Final answer:
To calculate the pH of a 0.25M solution of NH+4 at 25∘C, you can use the Kb value of NH3, which is 1.8×10^−5. First, write the equation for the ionization of NH+4. Then, use the Kb value to find the concentration of H3O+ ions. Finally, calculate the pH using the formula -log[H3O+].
Step-by-step explanation:
The question asks to calculate the pH of a 0.25M solution of NH4+ at 25°C. To solve this, we can use the Kb value of NH3, which is 1.8×10-5. First, we need to write the equation for the ionization of NH4+ as NH4+ + H2O → NH3 + H3O+. Since NH4+ is the conjugate acid of NH3, it will act as an acid and donate a proton, resulting in the formation of NH3 and H3O+ ions. So, the concentration of NH3 will be equal to the initial concentration of NH4+, which is 0.25M.
Next, we need to find the concentration of H3O+ ions.

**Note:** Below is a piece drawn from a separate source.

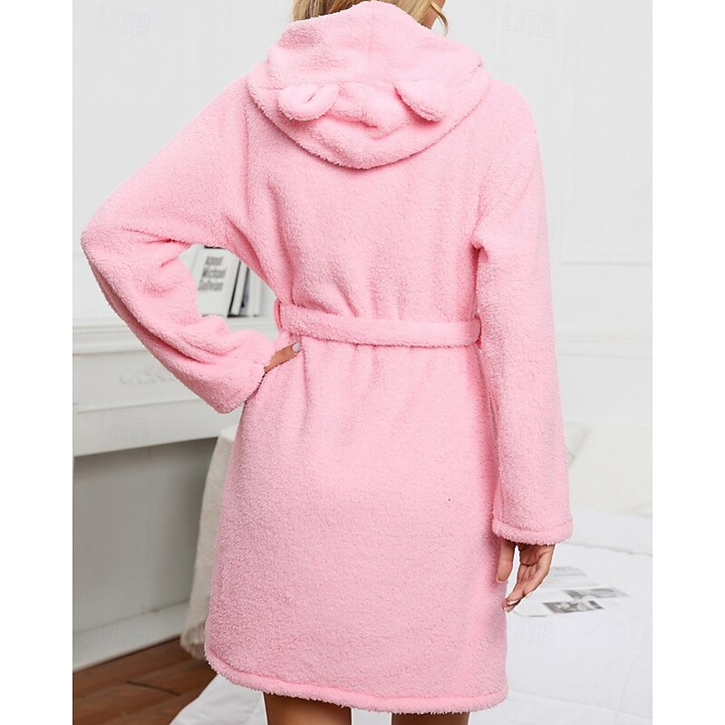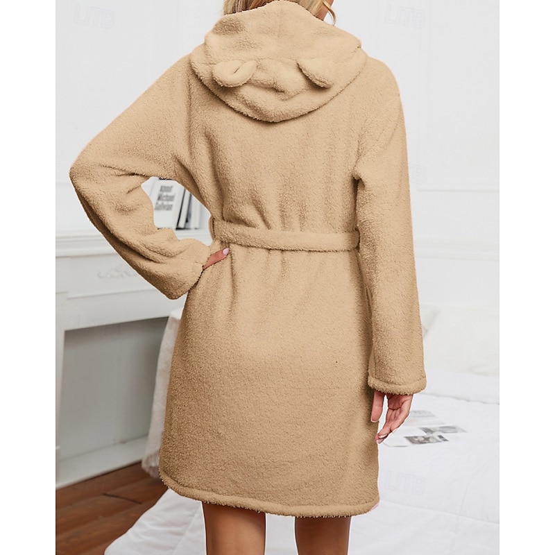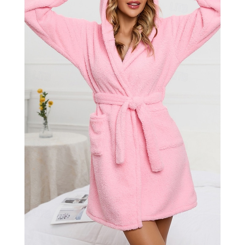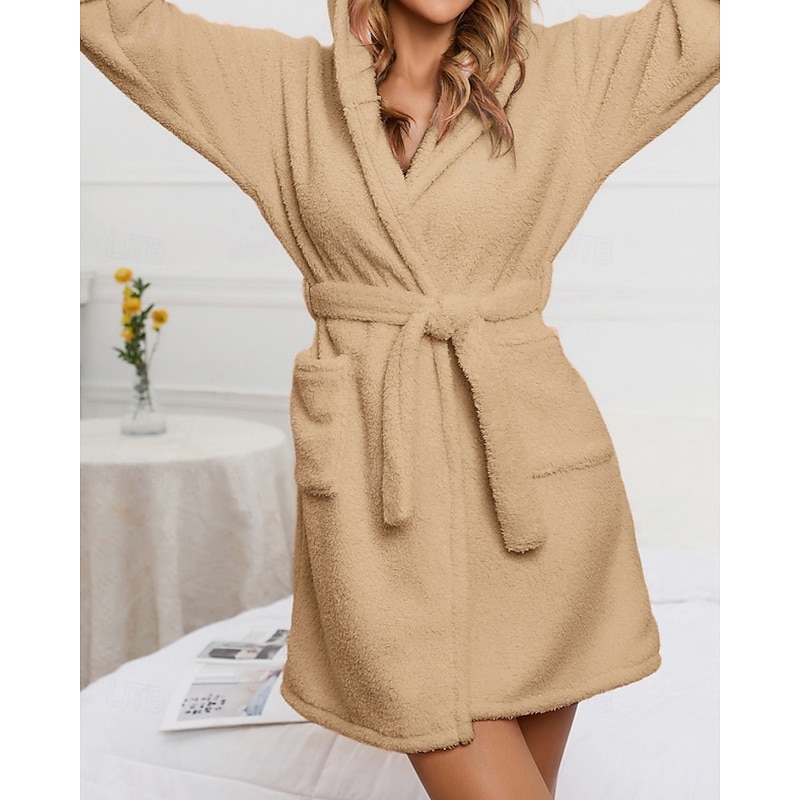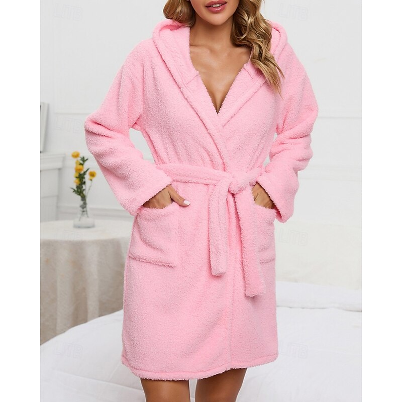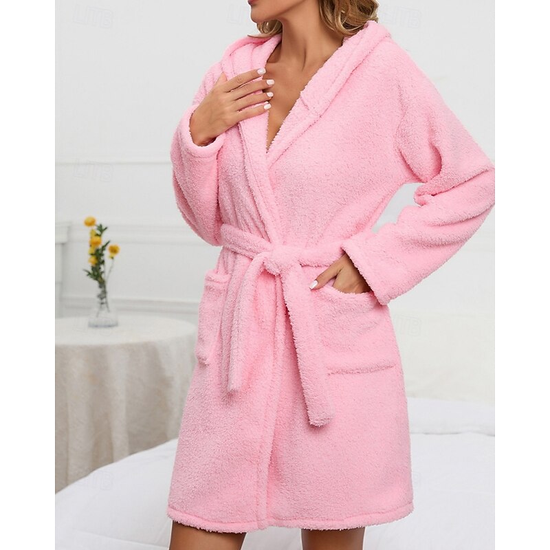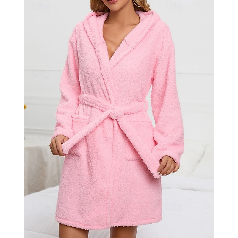 Women's Pajamas Robe Fashion Casual Pure Color Lace Vacation Home Bed Long Sleeve Hoodie Pink Khaki Fall Winter Tailored Fit 11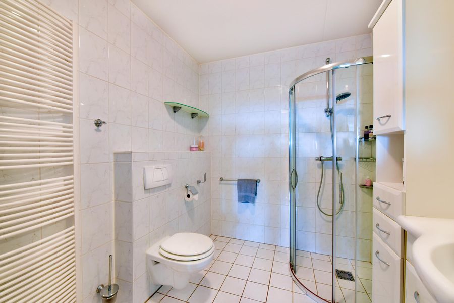 - Nette badkamer met douchecabine, wastafelmeubel en wandcloset;

Since NH4+ is a weak acid, we can assume that only a small fraction of it will ionize. We can use the Kb value to calculate the concentration of H3O+ ions:
Kb = [NH3][H3O+]/[NH4+]
[H3O+] = Kb × [NH4+]/[NH3]
[H3O+] = (1.8×10-5) × (0.25)/(0.25) = 1.8×10-5
The concentration of H3O+ ions is 1.8×10-5 M.
Finally, we can calculate the pH using the formula pH = -log[H3O+].
pH = -log(1.8×10-5) = 4.75.
Therefore, the pH of the 0.25M NH4+ solution at 25°C is 4.75.